I smiled sadly at him. We lay side by side on our bed, legs entwined, faces together, touching. “It came out that way, nevertheless,” I said gently. “I guess it’s the coldness. The – empty way you look at me. Like I’m not there,” I whispered. “That’s the worst part, Kirk. You acting like I’m not there.”
“Ahh, honey,” he caressed my cheek, his face tortured, “I’m so sorry for all the pain I’ve caused you. I’m so screwed up it’s not even funny.” He rolled onto his back and cupped his head in his hands and glared at the ceiling. “One thing all adult children have in common is the numbing out, the turning off of emotions. We developed it for survival purposes way back when there was nobody to parent and protect us from all the violence and abuse. It wasn’t
you
I turned off, it was the things in myself.”
He shook his head. “I know it’s hard to understand. I don’t even understand it all myself. Not yet.”
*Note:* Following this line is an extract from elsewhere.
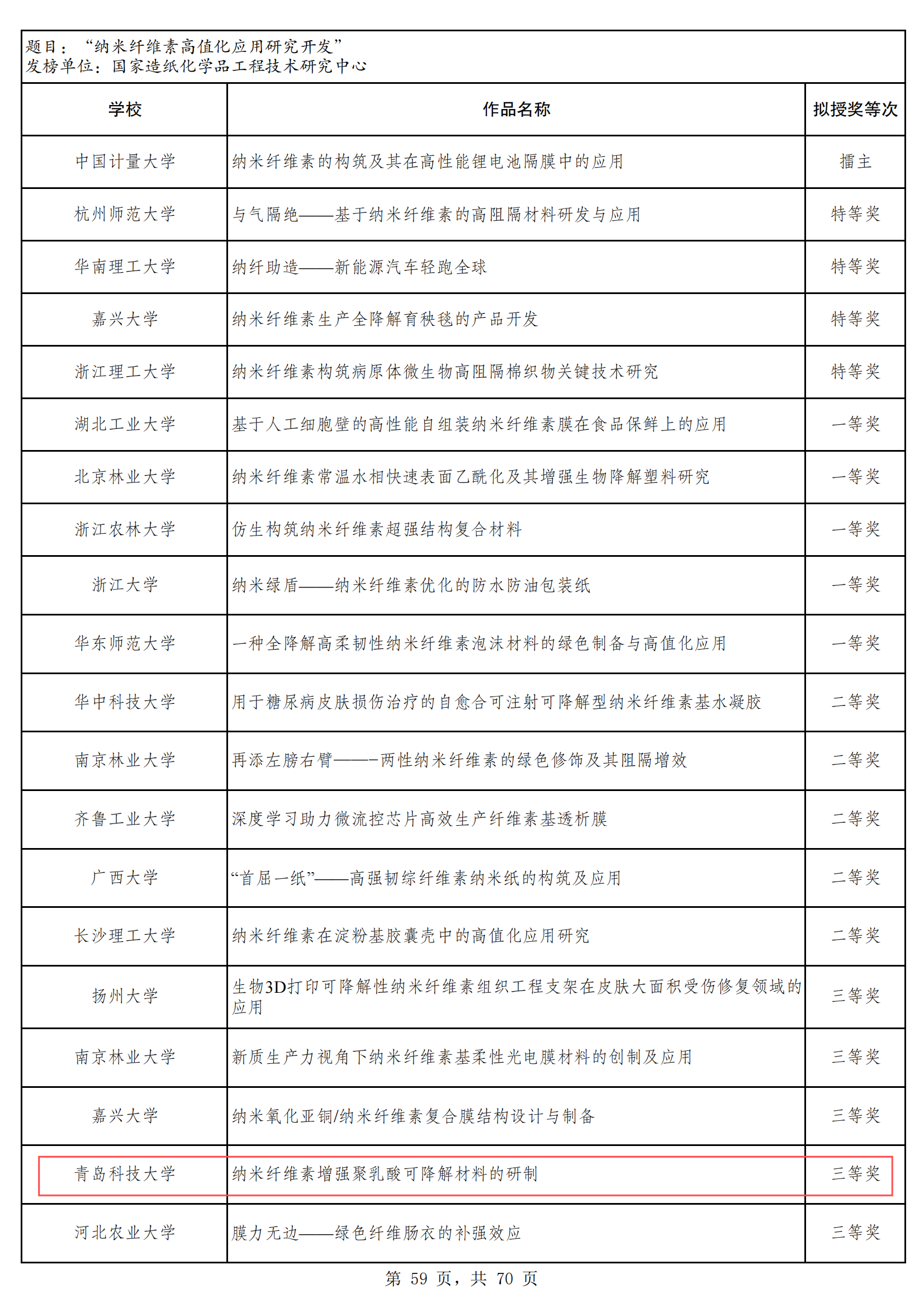 第十九届“挑战杯”全国老员工课外学术科技作品竞赛2024年度“揭榜挂帅”专项赛终审决赛于11月8日至10日在北京、11月15日至17日在浙江举办。公司参赛项目——纳米纤维素增强聚乳酸可降解材料的研制(指导教师:王松林、车玉章,负责人:王欣,团队成员:李璇、吴佳慧、王艳华)获三等奖。
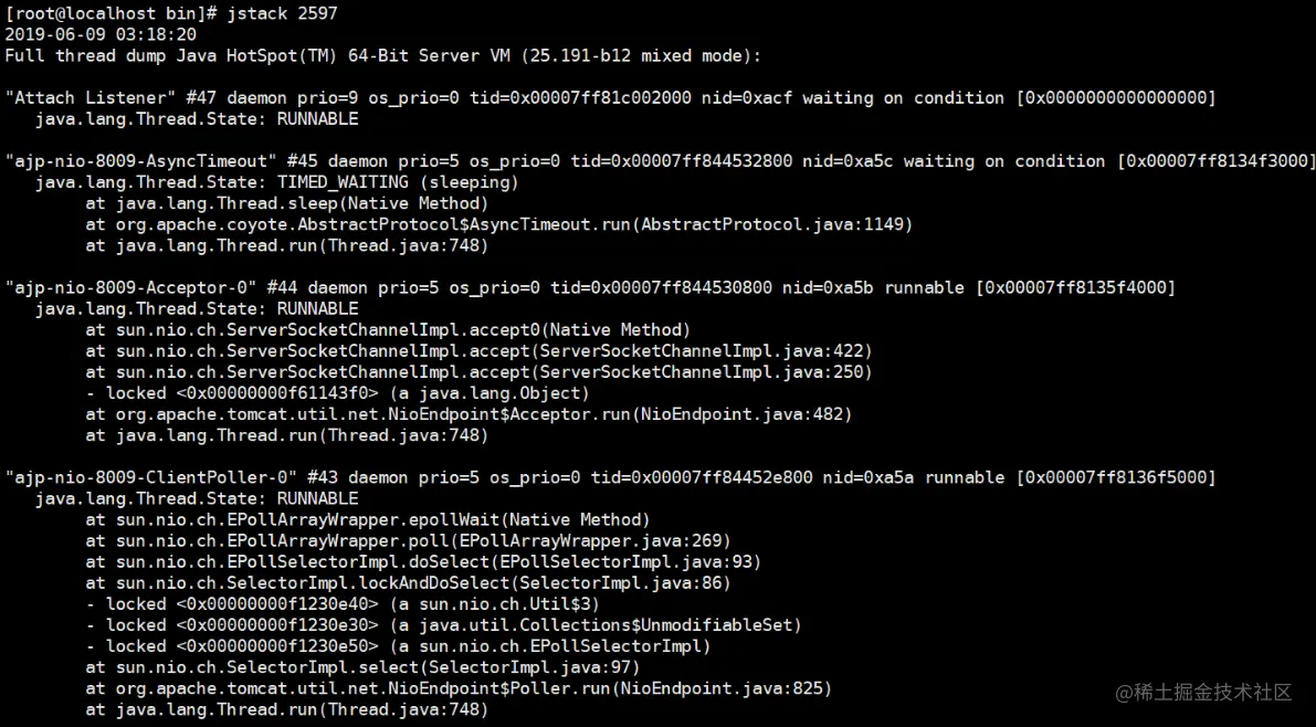 The jstack command prints Java stack traces of Java threads for a specified Java process, core file, or remote debug server.

“Going to the ACOA meetings has helped me see myself in each person there. We’re like danged
clones,
Neecy. Control freaks. Chips on our shoulders.
God
! You wouldn’t believe the junk we carry from childhood. I’m only just getting an inkling of what happened to me back there when Dad raged and roared and ran us all into the woods with his car.” He swiveled his head and angled me a tormented look. “Can you imagine running for your life from your own dad?” His gaze bounced again to the ceiling. “Does things to your mind. To your trust in mankind.” He gave a soft huff of a laugh. “You were right all the time, Neecy. I
haven’t
totally trusted anybody in my life, not even God. I have this drive in me to be in control – so nobody ever victimizes me again.” He shook his head and grimaced. “It’s terrible. I hate it.”
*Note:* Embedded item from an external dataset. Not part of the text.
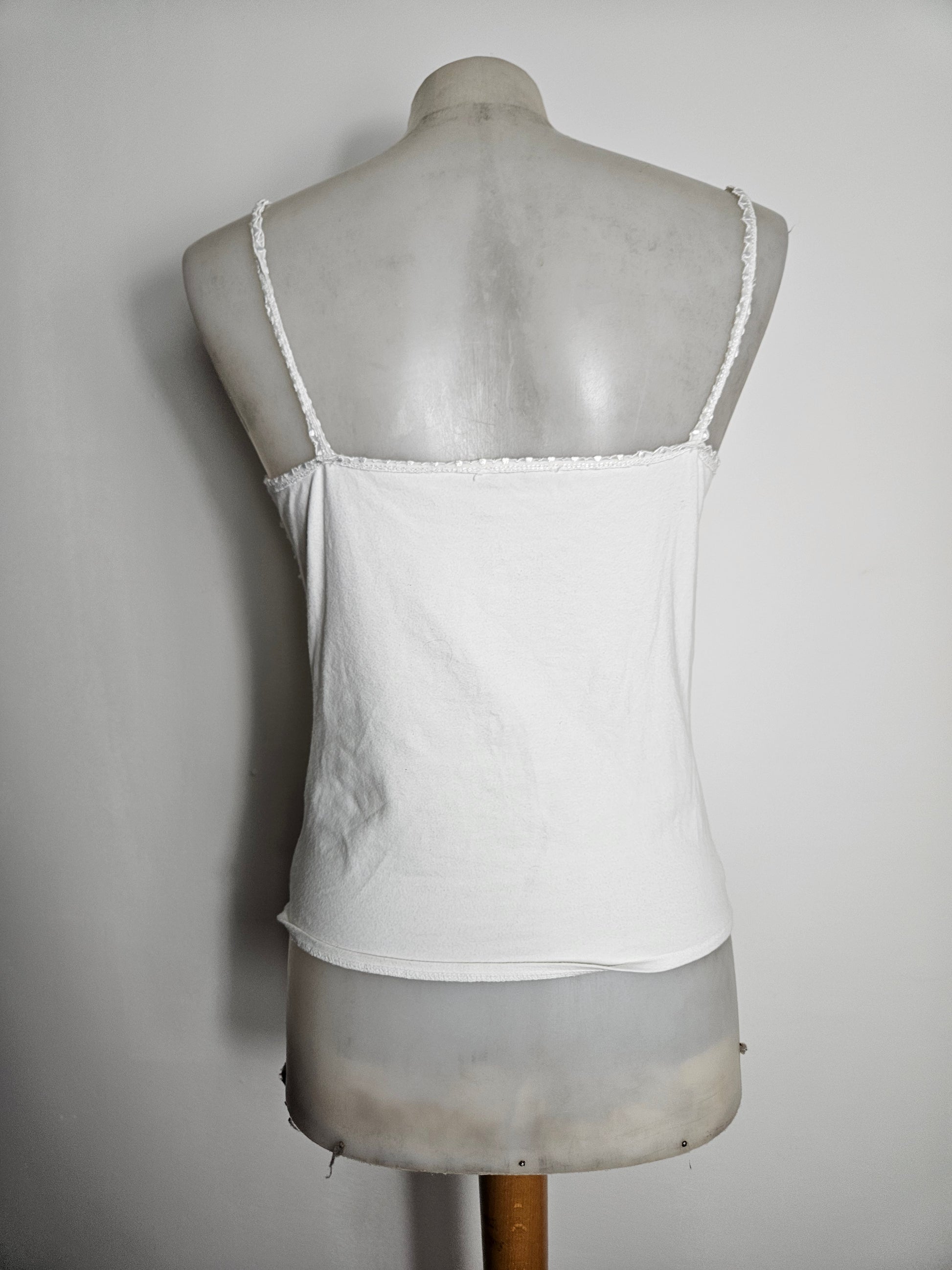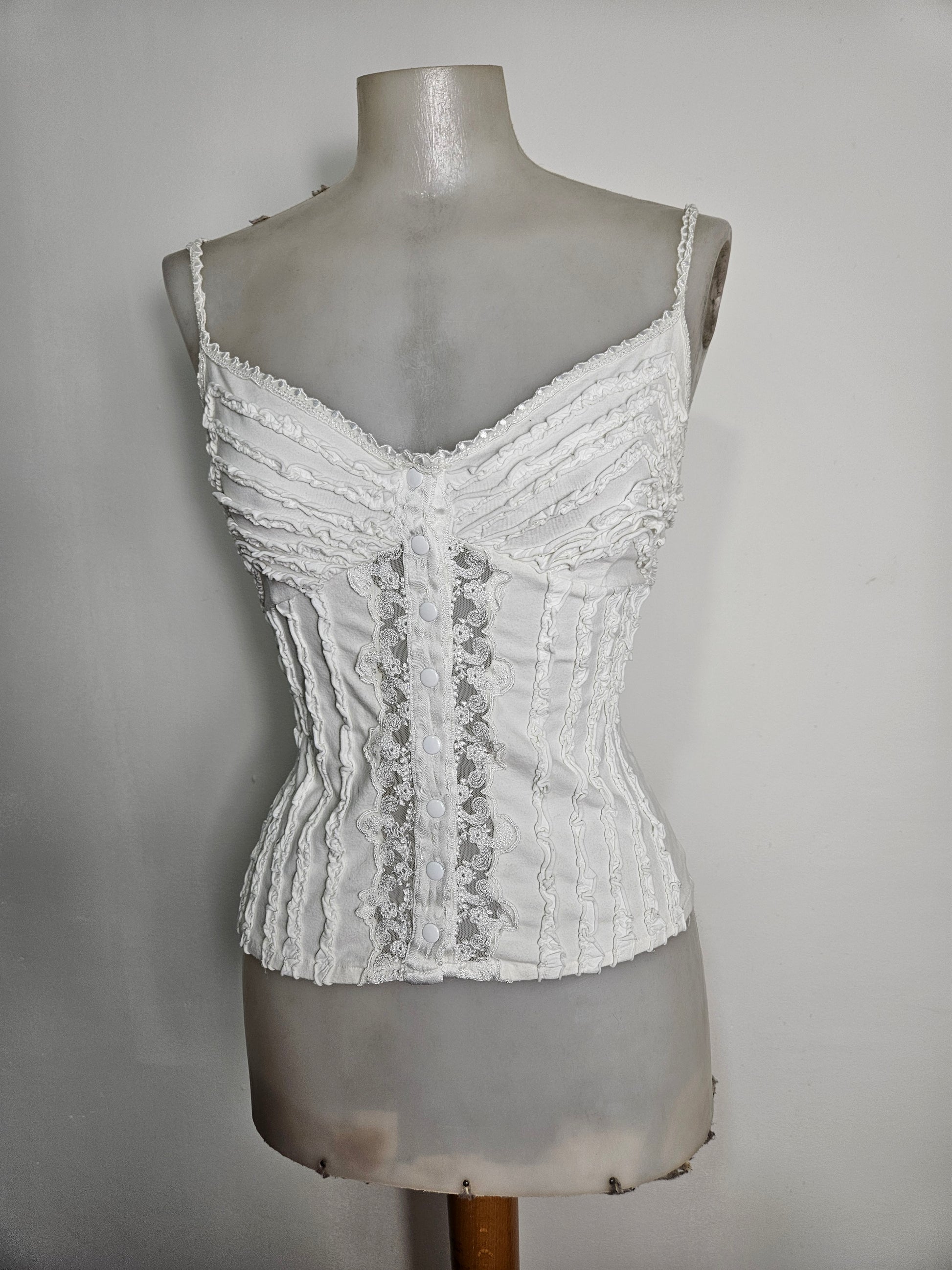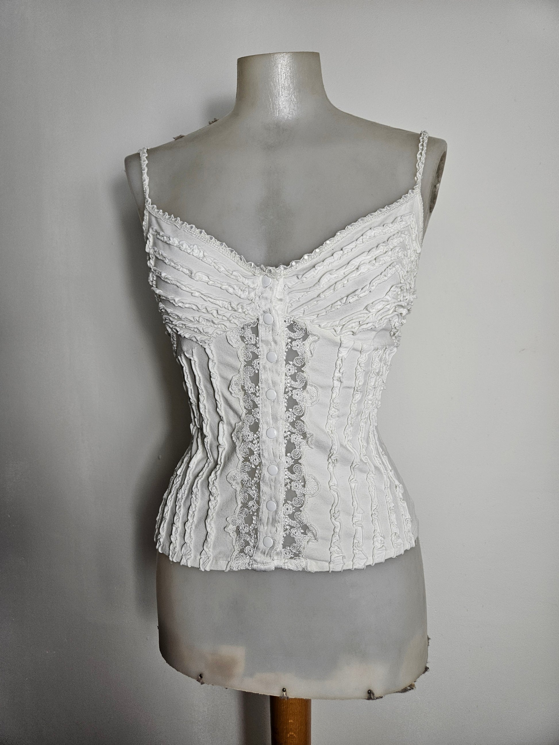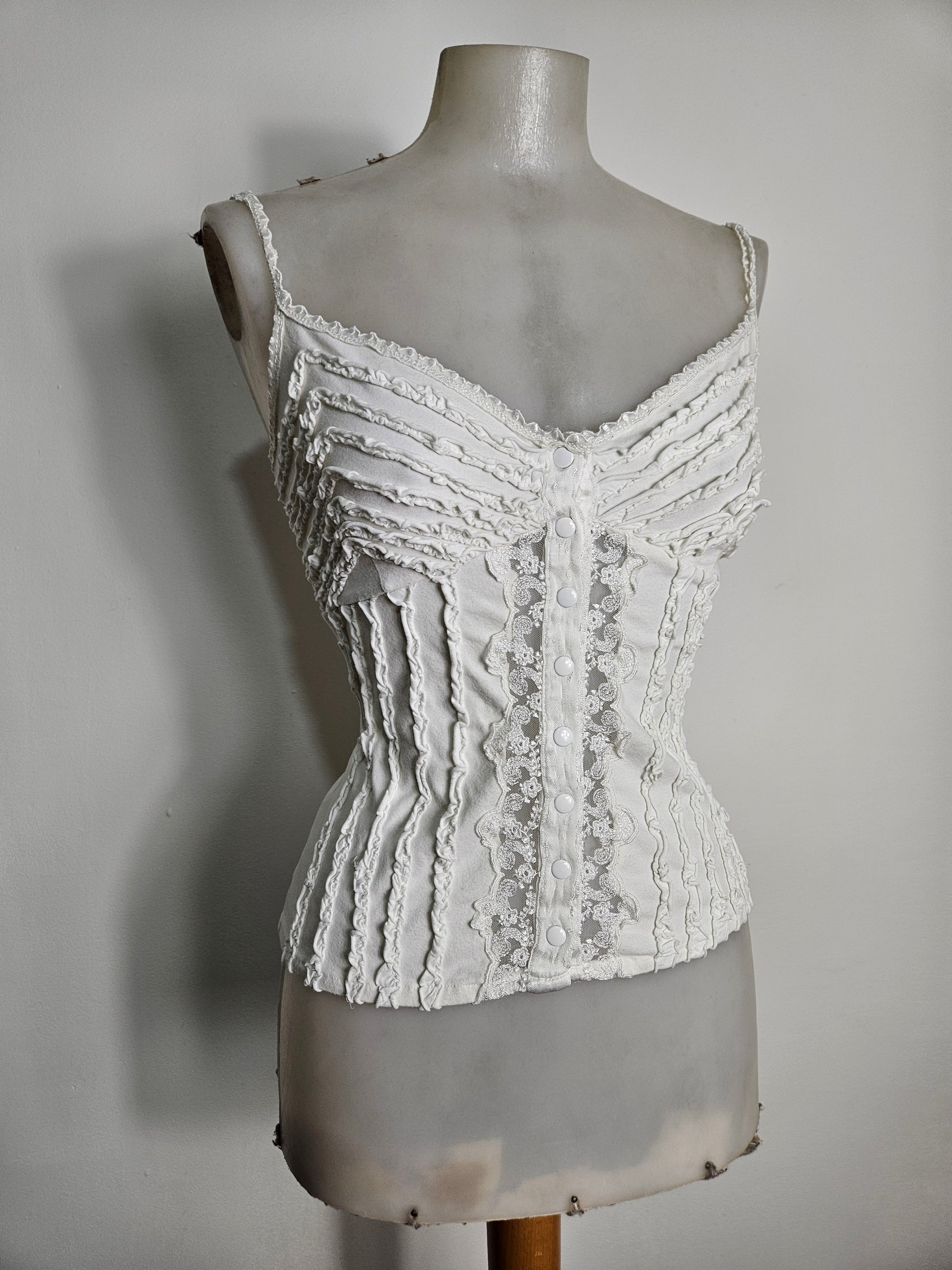 - Top blanc à fines bretelles avec détails plissés et dentelle devant.

“Well, at least you know where it’s coming from now. Kirk,” I licked my lips, determined to ask him. “I’ve had the impression that you were in love with – someone else. That was the only reason I knew that would make you turn on me so completely all this time. Were you?”
He rolled to face me, his eyes clear and intent. “
No
. Never, Neecy. That’s one thing I’m not confused about. If you don’t hear anything else, hear this: you’re the only woman I’ve ever loved. I mean that with my whole heart.”
I said nothing. Only nodded. I just – let it go. I could – in a sense – understand Kirk’s claims that traumas could play with one’s mind. I realized it would be a long, long time – if ever – before I would fully believe his words. Again, I took comfort in knowing that
he
believed them. I took comfort, too, that I still could feel compassion for him.
Another thing sustained me. I’d come through a dark, dark forest, where thorny kudzu-mazes entangled me over and over again through the years. Yet, I’d fought my way through and from them time and time again. I’d endured while my sanity prevailed and a new strength blessed me.
The old anxieties were gone. I knew that, if I had to, I could face just about anything.
“I love you, Neecy,” my husband’s arms slipped around me and our bodies meshed like warm silk.
“I love you, too, Kirk.”
Not like I once had. Not yet. But I was glad he’d stopped me from leaving. Because there was nowhere else I’d rather be than right there, in his arms. There was no one else for me. Only Kirk.